■ **TASK STATEMENT**: Could you transcribe exactly the lines below, from the line with "Модель выпускается ограниченным" through the line with "Рассмотрим транспонированную матрицу", and nothing else, leaving out the pictures?

■ **PROVIDED RECORDS**:
++++++++++
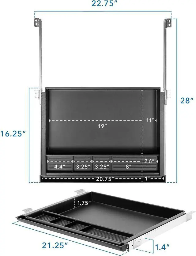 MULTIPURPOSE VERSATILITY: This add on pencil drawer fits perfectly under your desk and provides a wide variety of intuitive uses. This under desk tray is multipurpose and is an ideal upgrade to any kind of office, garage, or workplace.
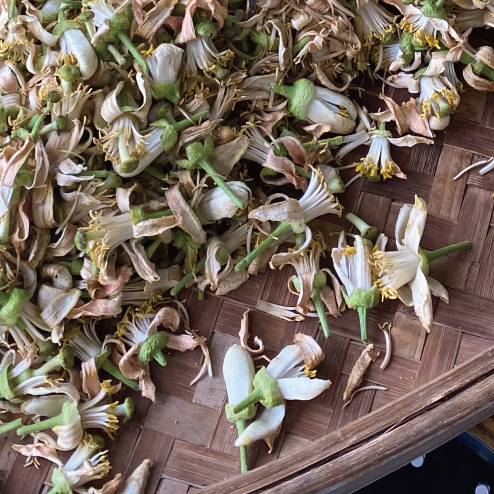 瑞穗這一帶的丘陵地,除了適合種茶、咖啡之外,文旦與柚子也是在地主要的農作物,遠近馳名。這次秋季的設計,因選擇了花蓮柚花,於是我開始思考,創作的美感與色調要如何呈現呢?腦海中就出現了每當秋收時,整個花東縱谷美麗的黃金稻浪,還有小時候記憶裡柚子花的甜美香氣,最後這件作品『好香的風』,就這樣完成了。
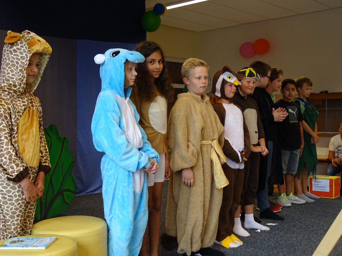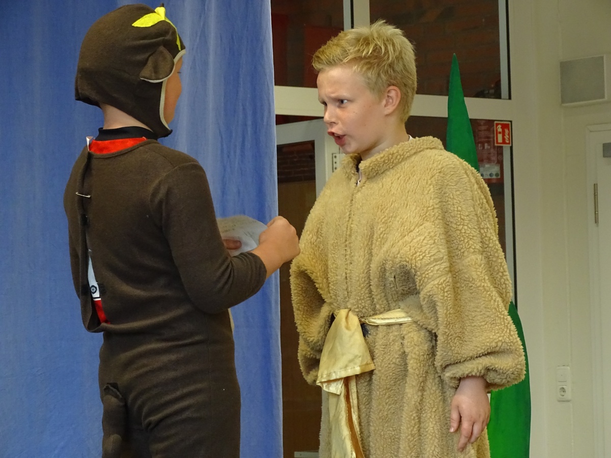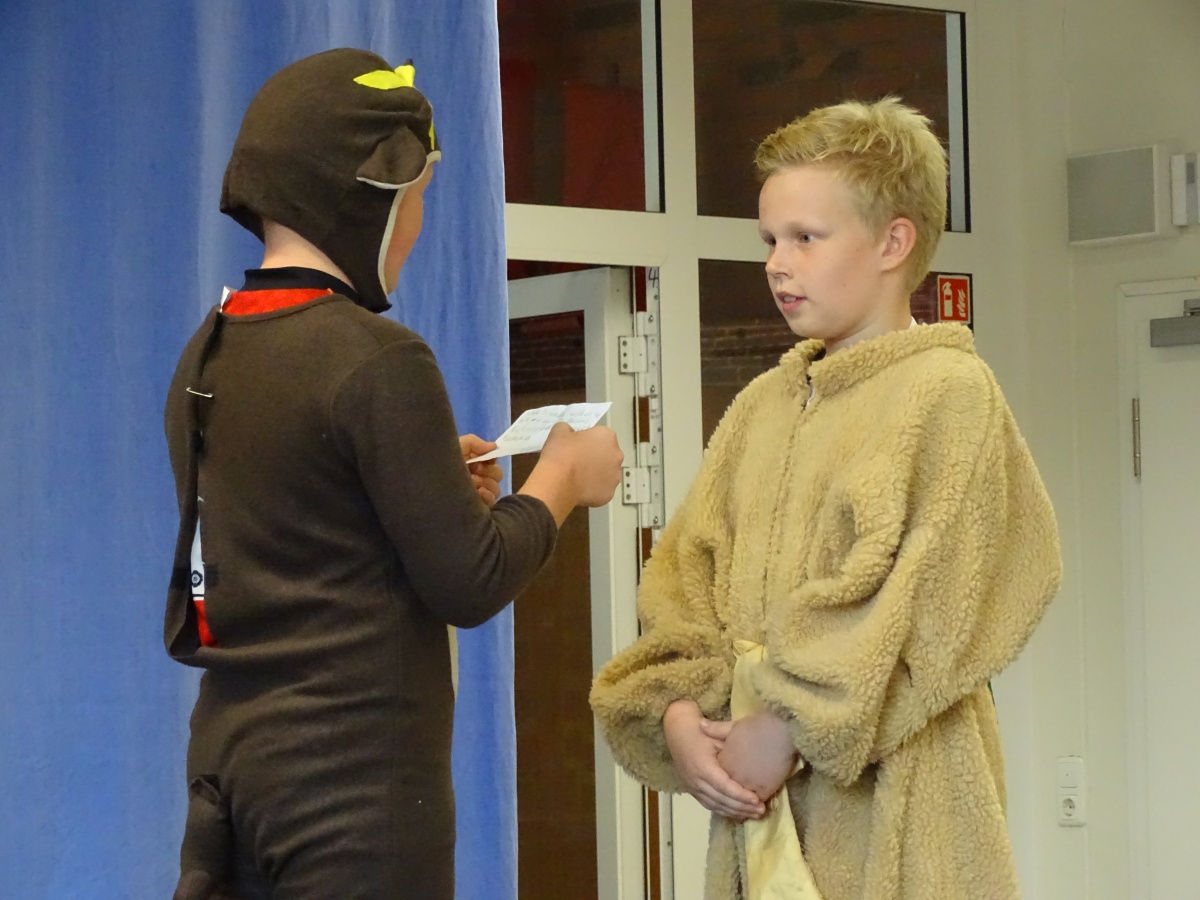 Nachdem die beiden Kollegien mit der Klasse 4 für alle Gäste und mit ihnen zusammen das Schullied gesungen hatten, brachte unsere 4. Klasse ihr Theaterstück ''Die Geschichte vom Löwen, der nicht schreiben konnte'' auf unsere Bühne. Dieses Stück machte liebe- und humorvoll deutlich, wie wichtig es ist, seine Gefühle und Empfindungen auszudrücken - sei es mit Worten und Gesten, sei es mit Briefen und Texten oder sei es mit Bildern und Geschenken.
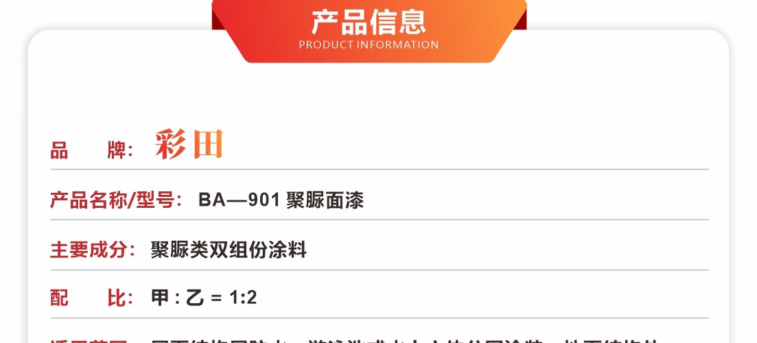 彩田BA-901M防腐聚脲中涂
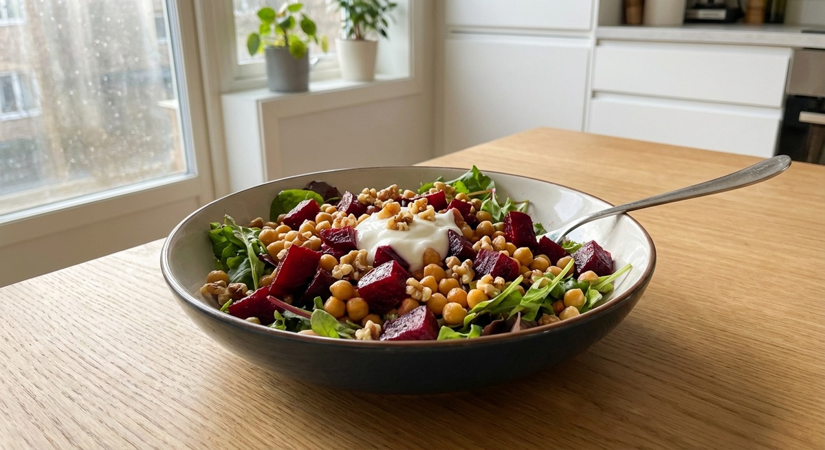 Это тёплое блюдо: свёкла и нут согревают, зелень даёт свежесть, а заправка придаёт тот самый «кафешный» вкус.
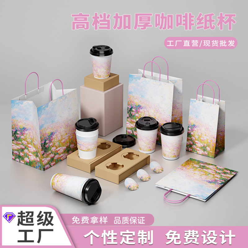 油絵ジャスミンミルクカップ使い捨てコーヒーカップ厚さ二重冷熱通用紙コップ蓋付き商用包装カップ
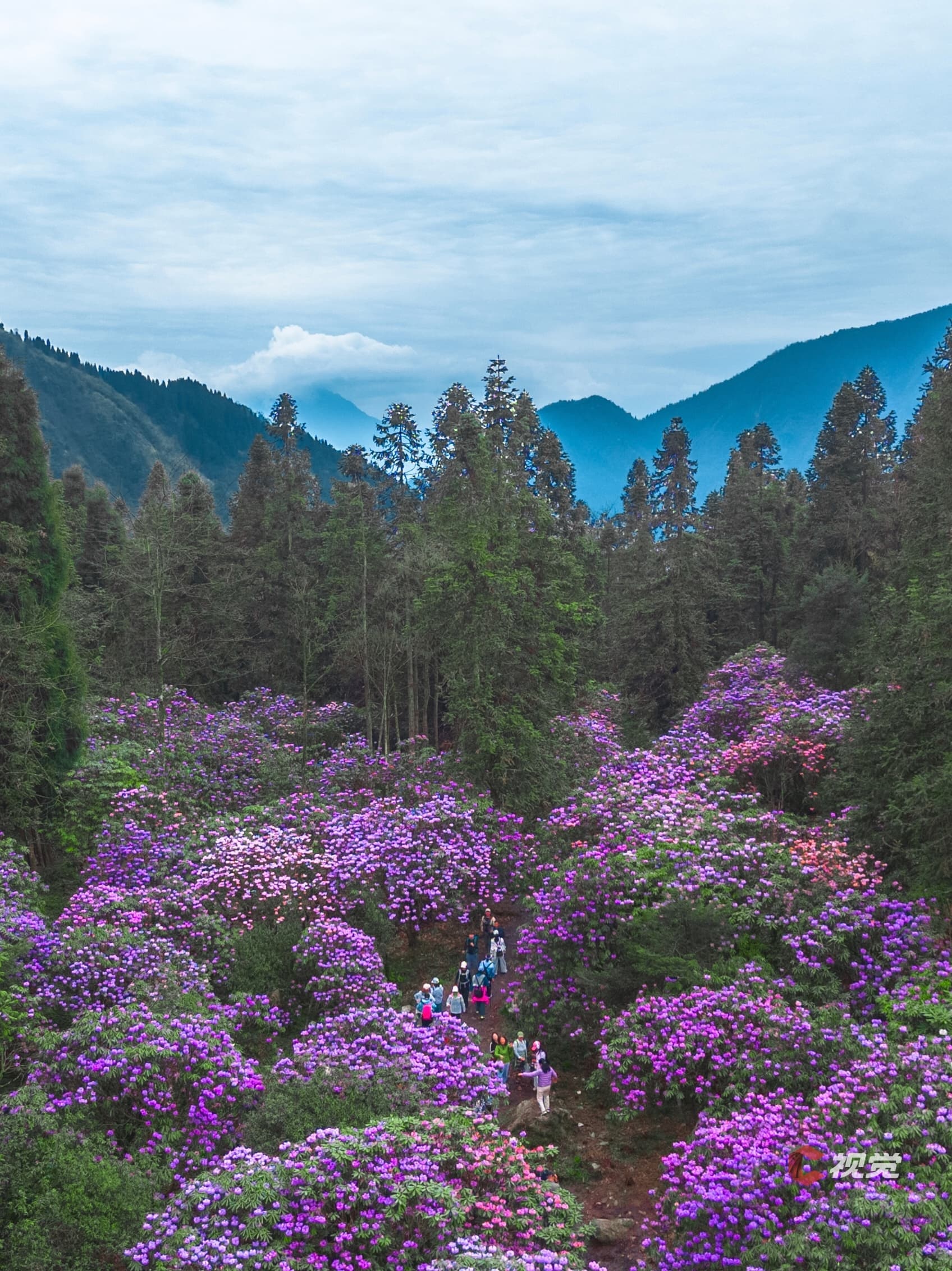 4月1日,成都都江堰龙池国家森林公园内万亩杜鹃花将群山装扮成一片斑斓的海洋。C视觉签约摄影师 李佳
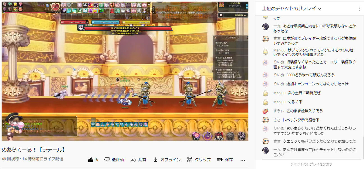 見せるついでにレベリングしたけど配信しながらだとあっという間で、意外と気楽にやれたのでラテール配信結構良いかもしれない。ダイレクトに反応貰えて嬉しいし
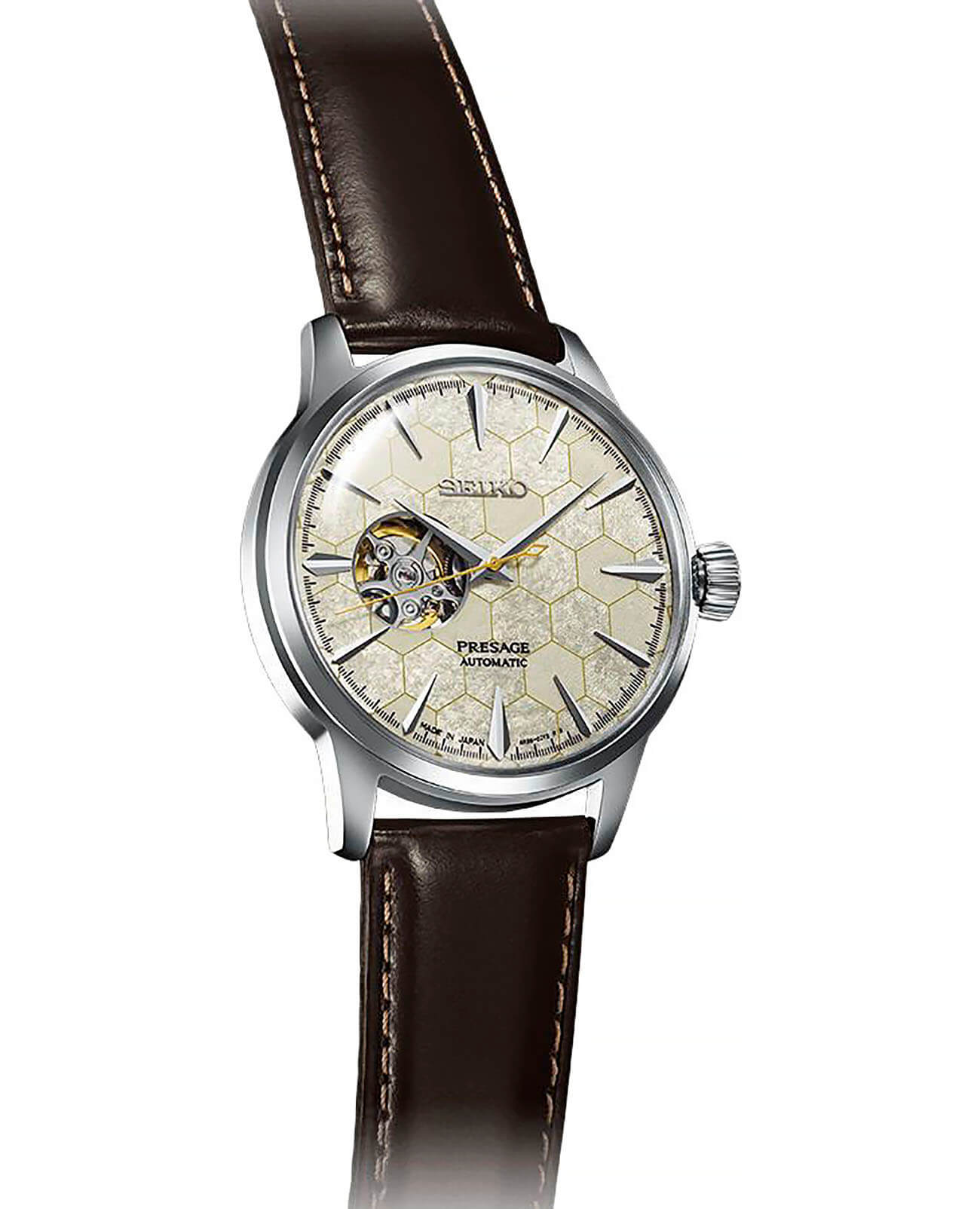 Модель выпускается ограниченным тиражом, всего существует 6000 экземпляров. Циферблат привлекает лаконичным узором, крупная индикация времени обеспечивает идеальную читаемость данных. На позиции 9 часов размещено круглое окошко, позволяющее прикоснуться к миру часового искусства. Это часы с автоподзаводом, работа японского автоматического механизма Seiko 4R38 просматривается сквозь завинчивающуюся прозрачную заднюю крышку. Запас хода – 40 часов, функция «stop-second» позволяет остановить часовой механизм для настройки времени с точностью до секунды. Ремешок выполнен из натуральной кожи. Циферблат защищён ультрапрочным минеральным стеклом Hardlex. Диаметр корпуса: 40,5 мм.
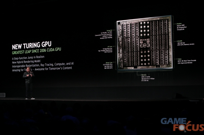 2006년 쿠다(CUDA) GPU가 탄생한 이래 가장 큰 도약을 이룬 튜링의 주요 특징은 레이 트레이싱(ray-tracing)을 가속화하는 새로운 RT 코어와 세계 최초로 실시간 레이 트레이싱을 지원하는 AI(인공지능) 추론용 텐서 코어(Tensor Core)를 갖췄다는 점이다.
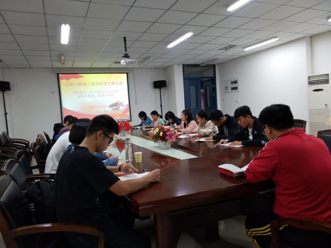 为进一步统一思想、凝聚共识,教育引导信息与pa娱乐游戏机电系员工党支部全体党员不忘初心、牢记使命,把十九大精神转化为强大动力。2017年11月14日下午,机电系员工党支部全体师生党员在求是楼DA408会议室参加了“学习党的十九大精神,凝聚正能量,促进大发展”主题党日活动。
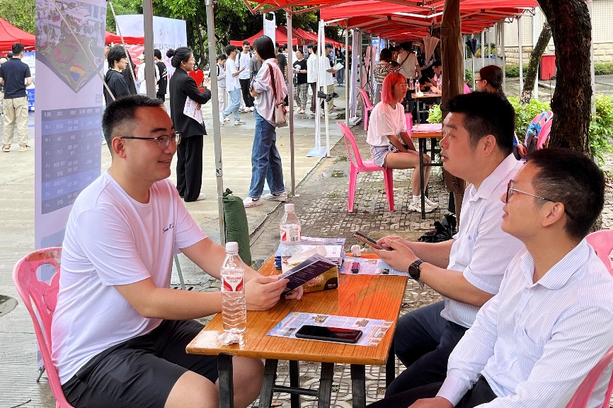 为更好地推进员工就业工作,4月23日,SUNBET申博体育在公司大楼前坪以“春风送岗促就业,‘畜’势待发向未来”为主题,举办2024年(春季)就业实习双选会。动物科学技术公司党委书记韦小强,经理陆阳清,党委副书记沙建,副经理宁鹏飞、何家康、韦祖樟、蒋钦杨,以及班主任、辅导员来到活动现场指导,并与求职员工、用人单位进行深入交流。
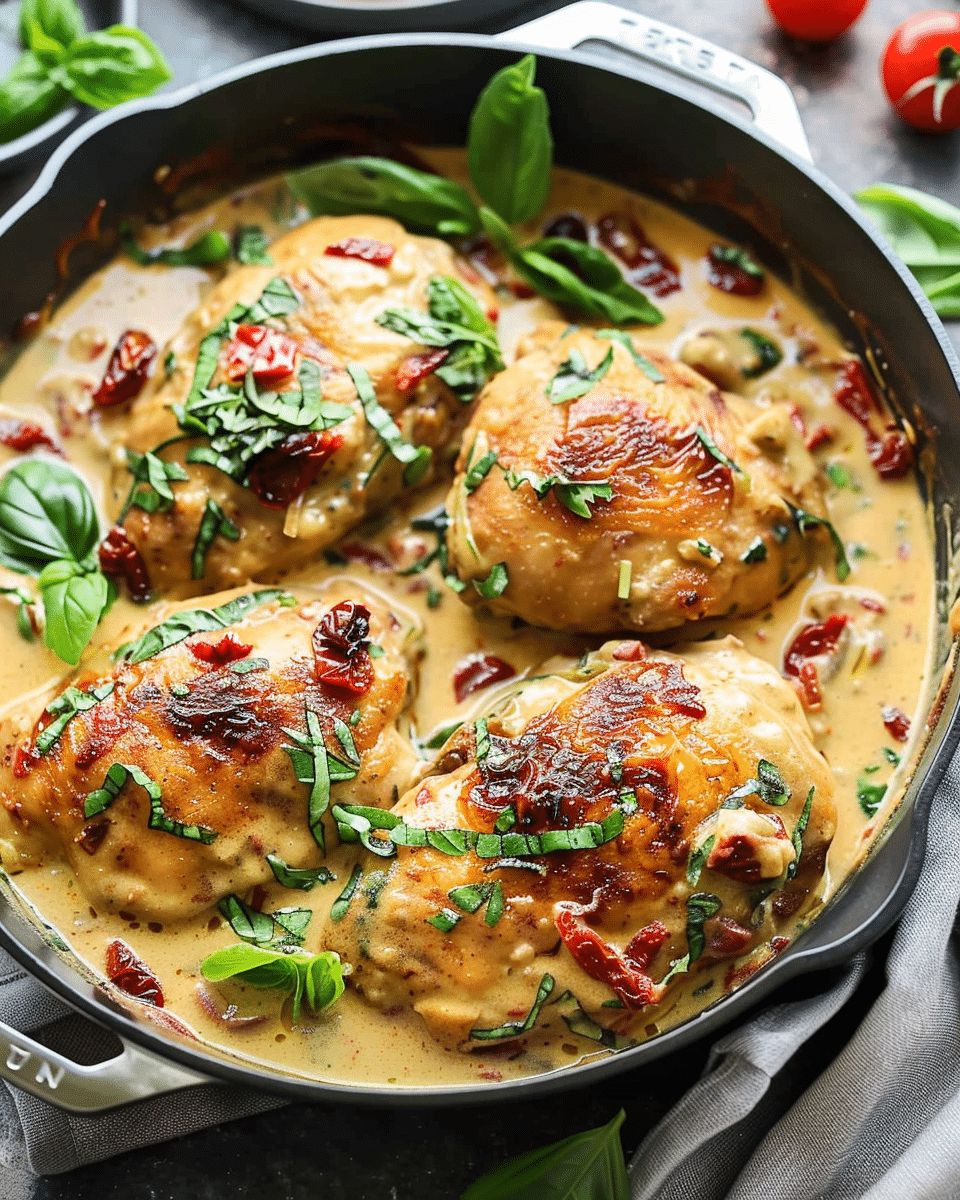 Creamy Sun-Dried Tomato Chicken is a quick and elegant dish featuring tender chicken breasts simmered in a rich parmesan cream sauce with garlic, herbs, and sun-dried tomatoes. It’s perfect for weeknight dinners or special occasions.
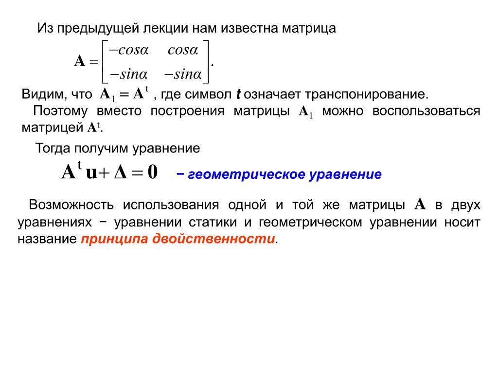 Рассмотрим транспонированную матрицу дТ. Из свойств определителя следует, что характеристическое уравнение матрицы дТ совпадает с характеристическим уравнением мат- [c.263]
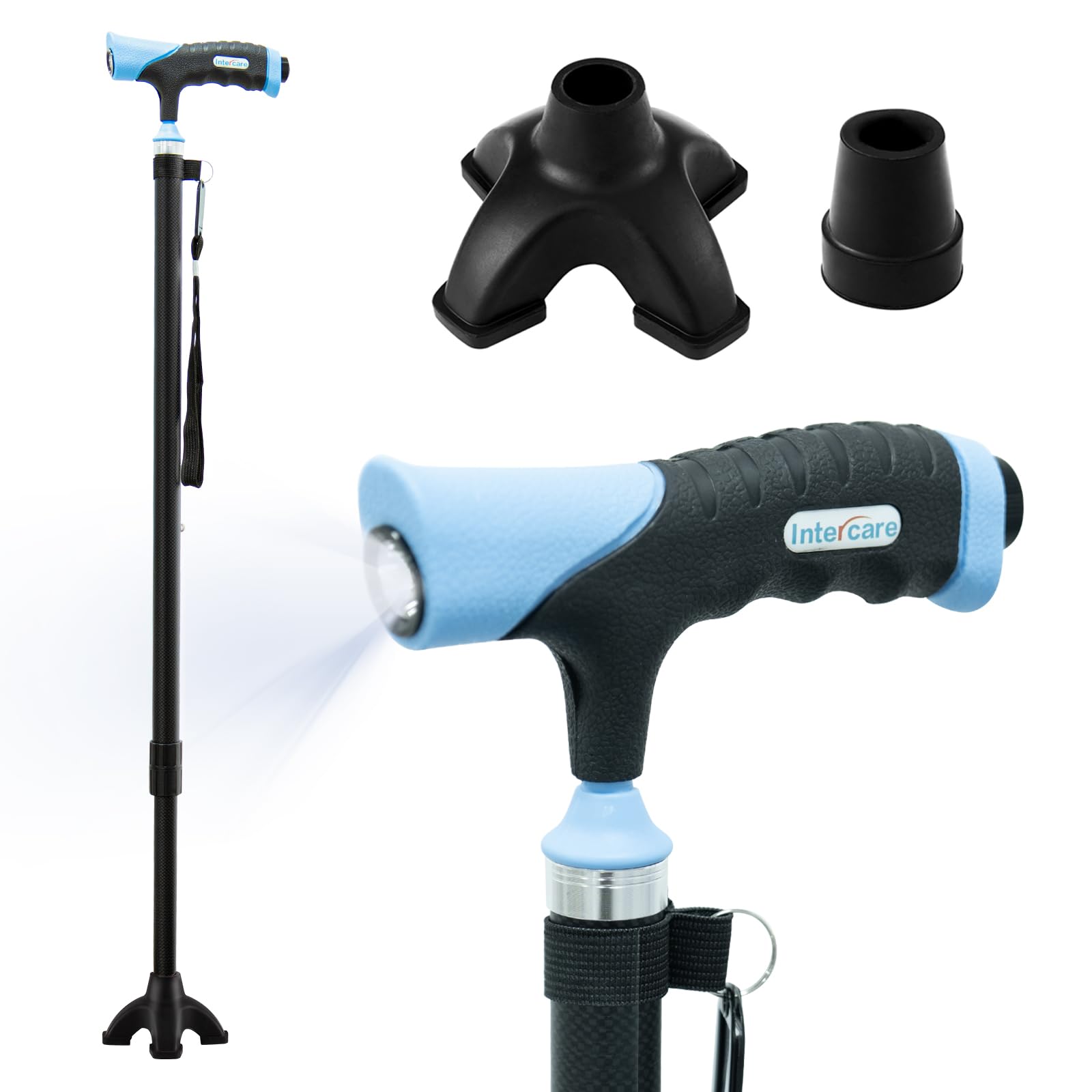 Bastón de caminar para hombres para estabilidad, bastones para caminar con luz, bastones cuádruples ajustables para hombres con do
++++++++++
■ **FINISHED EXERCISE**:
 Модель выпускается ограниченным тиражом, всего существует 6000 экземпляров. Циферблат привлекает лаконичным узором, крупная индикация времени обеспечивает идеальную читаемость данных. На позиции 9 часов размещено круглое окошко, позволяющее прикоснуться к миру часового искусства. Это часы с автоподзаводом, работа японского автоматического механизма Seiko 4R38 просматривается сквозь завинчивающуюся прозрачную заднюю крышку. Запас хода – 40 часов, функция «stop-second» позволяет остановить часовой механизм для настройки времени с точностью до секунды. Ремешок выполнен из натуральной кожи. Циферблат защищён ультрапрочным минеральным стеклом Hardlex. Диаметр корпуса: 40,5 мм.
 2006년 쿠다(CUDA) GPU가 탄생한 이래 가장 큰 도약을 이룬 튜링의 주요 특징은 레이 트레이싱(ray-tracing)을 가속화하는 새로운 RT 코어와 세계 최초로 실시간 레이 트레이싱을 지원하는 AI(인공지능) 추론용 텐서 코어(Tensor Core)를 갖췄다는 점이다.
 为进一步统一思想、凝聚共识,教育引导信息与pa娱乐游戏机电系员工党支部全体党员不忘初心、牢记使命,把十九大精神转化为强大动力。2017年11月14日下午,机电系员工党支部全体师生党员在求是楼DA408会议室参加了“学习党的十九大精神,凝聚正能量,促进大发展”主题党日活动。
 为更好地推进员工就业工作,4月23日,SUNBET申博体育在公司大楼前坪以“春风送岗促就业,‘畜’势待发向未来”为主题,举办2024年(春季)就业实习双选会。动物科学技术公司党委书记韦小强,经理陆阳清,党委副书记沙建,副经理宁鹏飞、何家康、韦祖樟、蒋钦杨,以及班主任、辅导员来到活动现场指导,并与求职员工、用人单位进行深入交流。
 Creamy Sun-Dried Tomato Chicken is a quick and elegant dish featuring tender chicken breasts simmered in a rich parmesan cream sauce with garlic, herbs, and sun-dried tomatoes. It’s perfect for weeknight dinners or special occasions.
 Рассмотрим транспонированную матрицу дТ. Из свойств определителя следует, что характеристическое уравнение матрицы дТ совпадает с характеристическим уравнением мат- [c.263]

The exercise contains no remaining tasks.